The Work Tapes is an album of demos recorded by vocalist Glenn Hughes (Deep Purple/ Black Sabbath/ Trapeze) and keyboardist Geoff Downes (Asia /Buggles /Yes). The sessions were originally recorded in June 1991, but did not receive an official release until 1998.

Professional ratings
Review scores
| Source | Rating |
| Allmusic |  |

==History==
By 1991, Glenn Hughes’ solo career had yet to take off, he had spent much of the eighties in short lived musical collaborations with the likes of Pat Thrall, Black Sabbath and Gary Moore he had failed to establish himself long-term. This was, in part due to drug issues that had first surfaced in the seventies, while he was in Deep Purple and continued throughout the following decade.

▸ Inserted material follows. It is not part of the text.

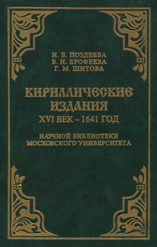 Поздеева И.В. Кириллические издания. XVI век — 1641 г. Находки археографических экспедиций 1971-1993 годов, поступившие в Научную библиотеку Московского университета / Поздеева И.В., Ерофеева В.И., Шитова Г.М.. — Москва : Московский государственный университет имени М.В. Ломоносова, 2000. — 416 c. — ISBN 5-211-03953-Х. — Текст : электронный // Цифровой образовательный ресурс IPR SMART : [сайт]. — URL: https://www.iprbookshop.ru/13087.html (дата обращения: 05.12.2025). — Режим доступа: для авторизир. пользователей
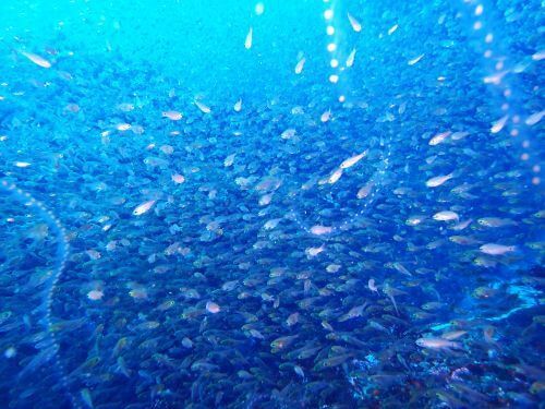 大物たちを堪能した後、根の周りを泳ぎ始めると、前が見えなくなるほどのキンメモドキの群れがいた。

Hughes had first met keyboardist Geoff Downes when they were introduced to one another by Downes's then- Asia band-mate Pat Thrall (who had worked with Hughes in Hughes/Thrall). Downes had joined Hughes to record keyboard parts for an intended solo album financed by Bronze Records, but that record was subsequently shelved and remains unreleased. Downes also joined Hughes to play keyboards on a brief 1991 Trapeze reunion tour.

In June 1991, Hughes teamed up Downes again and the two spent a week in Nomis Studios, London. They were there at the suggestion of their publishing company to write material for a new Hughes solo album.

For the sessions the pair decided to write material in a more mainstream pop and soul direction, rather than the hard and progressive rock they were associated with. The pair wrote songs at a fast pace during their one week in the studio, writing more than a song a day.

Due to a number of reasons the project did not go beyond that week and the material was shelved. The demos were leaked and became commonly available as bootlegs.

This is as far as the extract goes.